La diffusion du savoir portée comme étendard à leurs travaux, ces savants créatifs ont apposé à leur propos d’hommes de sciences, une véritable empreinte graphique.
Illustrateurs libres penseurs, scientifiques s’ignorant artistes, vulgarisateurs inspirés… Voici 4 spécimens de l’illustration scientifique du XIXe siècle à nos jours qu’il serait dommage de ne pas connaître.
Oliver Byrne : Archaïque scientifique, artiste malgré lui…
Oliver Byrne (1810-1880), ingénieur et professeur de mathématique d’origine irlandaise installé à Londres, avait tout du scientifique excentrique.
Désuet dans son approche des sciences, l’esprit occupé à des théories déjà démodées tandis que des avancées voyaient le jour dans toute l’Europe, il faisait facilement l’objet des railleries de ses pairs.
Sa réflexion décalée mais créative le menait vers des inventions baroques – à l’image du « Byrnegraph » sorte de compas amélioré – et des pamphlets mi-érudits, mi-fantaisistes comme The Creed of Athanasius proved by Mathematical Parallel, une tentative de démonstration mathématique appliquée à la théologie.
Cet attachant mathématicien, tout de bonne foi vêtu, est néanmoins l’auteur d’un ouvrage pédagogique étonnant auquel on accorde aujourd’hui une attention nouvelle :
The First Six Books of the Elements of Euclid in Which Coloured Diagrams and Symbols Are Used Instead of Letters for the Greater Ease of Learners, édité par William Pickering en 1847 (exemplaire des bibliothèques universitaires de Toronto numérisé en version intégrale)
Cette méthode illustrée aussi originale qu’audacieuse avait pour dessein de faciliter la compréhension d’un des grands succès de l’édition scientifique : Les Eléments d’Euclide, un traité de mathématique en 6 volumes rédigé par le savant grec au 3e siècle avant J.C.

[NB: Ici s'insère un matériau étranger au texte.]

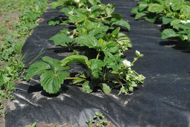 Выращивание клубники в открытом грунте на пленке – в продаже имеется белая, черная, двухцветная пленка. Требуется приобретать мульчирующую пленку толщиной 40–50 мк. Здесь важно рассчитать ширину грядки и число рядов.

Un code graphique pour apprendre
“We do not introduce colours for the purpose of entertainment, or to amuse (…), but to assist the mind in its researches after truth, to increase the facilities of instruction, and to diffuse permanent knowledge.” – The First Six Books of the Elements of Euclid By Oliver Byrne [Introduction]
En décidant de substituer aux mots et aux explications laborieuses, des formes et des couleurs, Byrne opère un choix des plus incongrus à l’époque victorienne. Il invente un système chromatique original et précurseur.
Composé de 4 couleurs (noir, jaune, rouge et bleu) qu’il combine aux formes (lignes, pointillés et diagrammes), la fonction essentielle de ce code graphique est de mettre à la portée de l’apprenant les principes complexes du savant grec.
Si à l’aube du XIXe siècle, les fameux Eléments d’Euclide est encore un classique de l’enseignement des mathématiques, à l’époque où Byrne les illustrent, leur caution scientifique et la pertinence de leur transmission est largement remise en cause.
Aussi, le livre d’Oliver Byrne est moins remarquable par sa rigueur scientifique que par son audace pédagogique et son essence artistique, aussi involontaire soit-elle. Un bijou de vulgarisation et curieux objet graphique.
Sa composition abstraite forme un ensemble inconsciemment avant-gardiste. Elle annonce l’épure des formes et les aplats du mouvement De Stijl et rappelle à nos yeux contemporains l’œuvre de Piet Mondrian. Le soin apporté par William Pickering à l’édition du texte, agrémenté de lettrines et respectant la pureté des couleurs en fait un objet bibliographique marginal pour son époque.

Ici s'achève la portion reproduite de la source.